There are supports, but its a patchwork of supports with massive gaps. The likelihood of making it through everything fully supported is very low. You can go through a couple of different channels, detox/treatment or housing first. I will summarize them both but there are huge asterixis because there are so many small programs/gaps that experiences vary wildly. But in general:
For treatment: There are detox facilities, but availability is wildly variable. Not uncommon to request detox and then wait weeks, at which point new barriers have arisen. After detox, there are treatment centers but it is very hard to sync the transition from detox to recovery, so you may end up going from detox to back on the street for a few days before your treatment bed is available, a very common place for people to fall off. Treatment beds are unregulated with no standard of care/inspection so the quality you get could range from awesome to downright abusive, and very few are forgiving of mistakes, if you mess up you are likely kicked out immediately.
Then assuming you get clean and sober you are discharged and on your own. You likely have to cut all the social connections you have as most of your family/friends likely played a role in you being addicted to begin with. And you get to do that on Alberta Works which provides you with $824 a month to pay rent, utilities, food, transportation, etc. The wait for social housing is now measured in decades, so you have to find a place to live on the private market. There are employment programs, but most are just a few classes a week with a one or two week practicum. And if you have a criminal record/long term employment gap you almost certainly will never get a job. As soon as that criminal record check comes in your probation period will end with you let go.
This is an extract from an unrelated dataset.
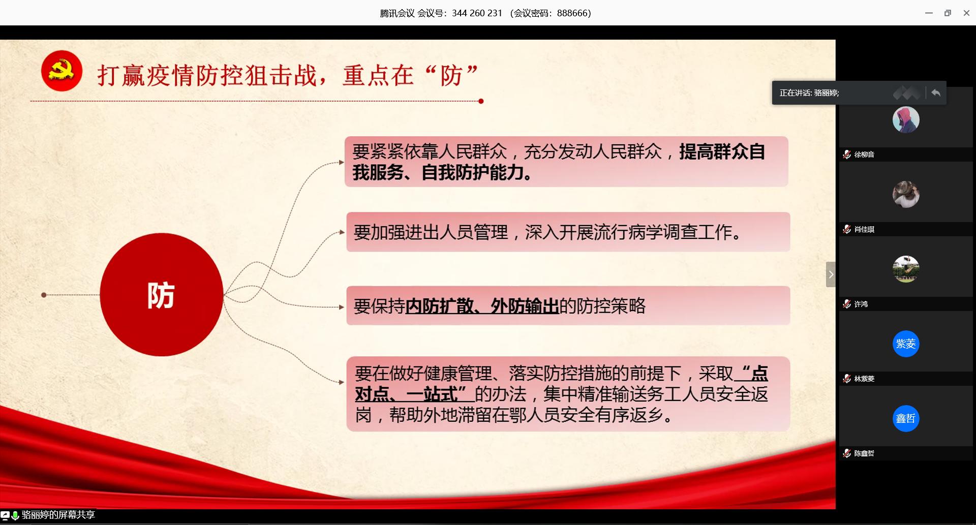 会议上,党小组成员徐柳音、骆丽婷就相关话题进行围绕当前疫情防控形势、防控方向、习近平总书记的讲话内容、考察情况等进行主解。第一,在抗疫前线阵地,实地察看东湖新城社区卫生防疫、社区服务、群众生活保障等情况,并与一线医务人员代表及正在接受治疗的患者进行交流。第二,习近平总书记就当前疫情情况作出指示,强调慎终如始、再接再厉、善作善成,不麻痹、不厌战、不松劲,把患者的生命安全放在第一位,科学防治。第三,习近平总书记强调,要解决好民生问题,做好基层工作,统筹好抗击疫情和复工复产之间的问题。

We have zero guaranteed jobs programs.
For housing first, you are placed with a worker IF you have been chronically homeless for at least 6 months. You will get a housing subsidy that pays for rent for a One Year period and access to support programs like employment coaching, financial management courses, etc. However, your worker has a caseload of around 30-50 people and will at best touch base with you once a week. You are expected to managed your own attendance to programs. Then, after the one year is up you will "Graduate" as being "housed" and the subsidy/supports will end (except in some very specific circumstances). You are then on your own living on $824 a month when the place you were set up in with the subsidy likely costs 800-1200 a month. Our "Housing First" program does not do check in's after the subsidy ends so we have no idea of its effectiveness long term, but anecodately its not very good. IMO, we have a "Rapid Re-Housing" program that is misadverstised as housing first because of our lack of social housing supply at income support rates. If you managed to make it to self-sufficiency from likely decades of trauma/addiction in that 12 month period you are amazing and I am in awe of your tenacity.
Basically, there are supports but they require you to be superhumanly perfect at making zero mistakes, living with almost no money, and supports that start and disappear at arbitrary times with out any cohesion or support during transitions. And you will likely go through this journey alone with new people entering/exiting your life as your time with their program ends.